# Task requirements
Every line from the one containing "Fig.4:SEM micrographs of" through the end of the listing below goes in the output, exactly and without pictures.

# Dataset content
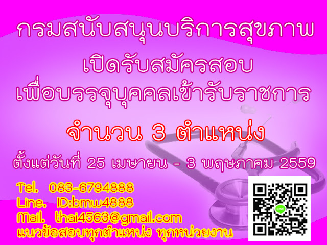กรมสนับสนุนบริการสุขภาพเปิดสมัครสอบเข้ารับราชการ 3 อัตรา กรมสนับสนุนบริการสุขภาพเปิดรับสมัครสอบเพื่อบรรจุบุคคลเข้ารับราชการ จำนวน 3 อัตรา รับสมัครทางอินเทอร์เน็ต ตั้งแต่วันที่ 25 เมษายน - 3 พฤษภาคม 2559 ประกาศกรมสนับสนุนบริการสุขภาพ เรื่อง รับสมัครสอบแข่งขันเพื่อบรรจุและแต่งตั้งบุคคลเข้ารับราชการ.
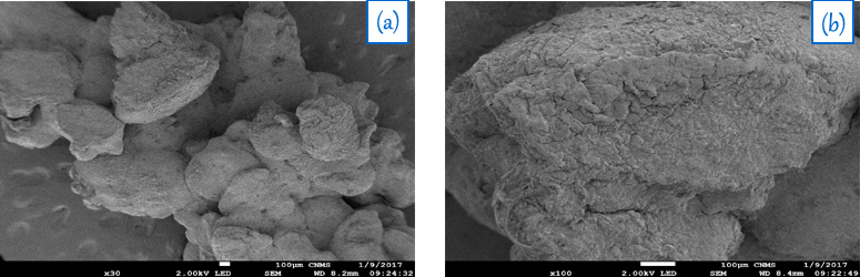 Fig.4:SEM micrographs of drug loaded IPN hydrogel beads (a) and (b) (Results are expressed as mean, n=3)
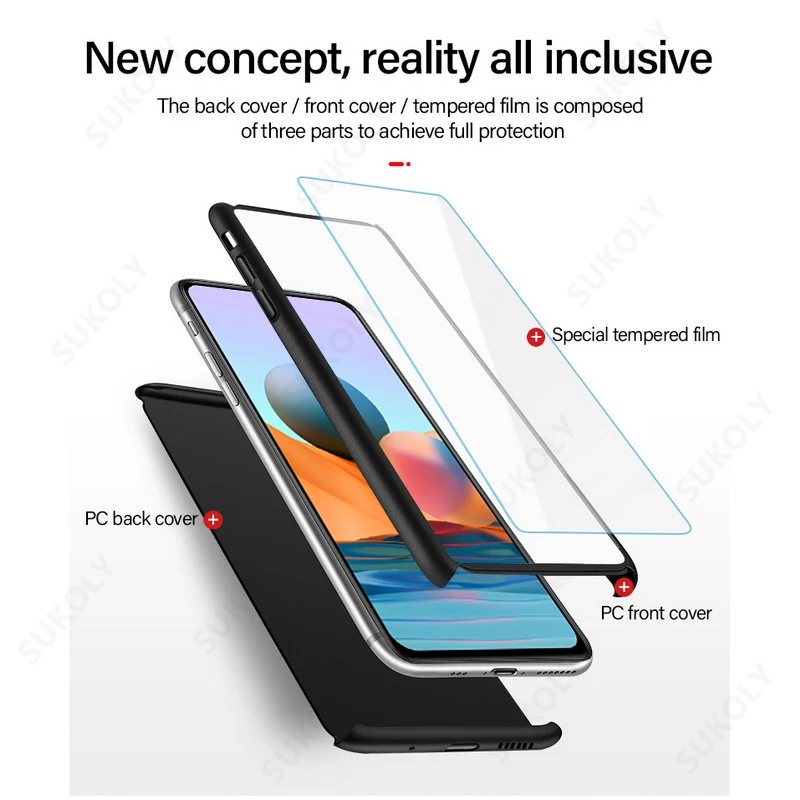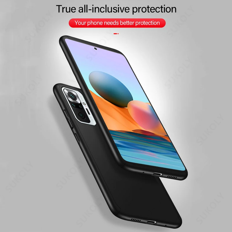 Чехол для Xiaomi Redmi Note 10 Pro с полным покрытием на 360 , защитный чехол + закаленное стекло для Redmi 9 s, 8, 7 Pro, 9C, Mi Poco X3, M3, A3 Lite

# Answer box
 Fig.4:SEM micrographs of drug loaded IPN hydrogel beads (a) and (b) (Results are expressed as mean, n=3)
 Чехол для Xiaomi Redmi Note 10 Pro с полным покрытием на 360 , защитный чехол + закаленное стекло для Redmi 9 s, 8, 7 Pro, 9C, Mi Poco X3, M3, A3 Lite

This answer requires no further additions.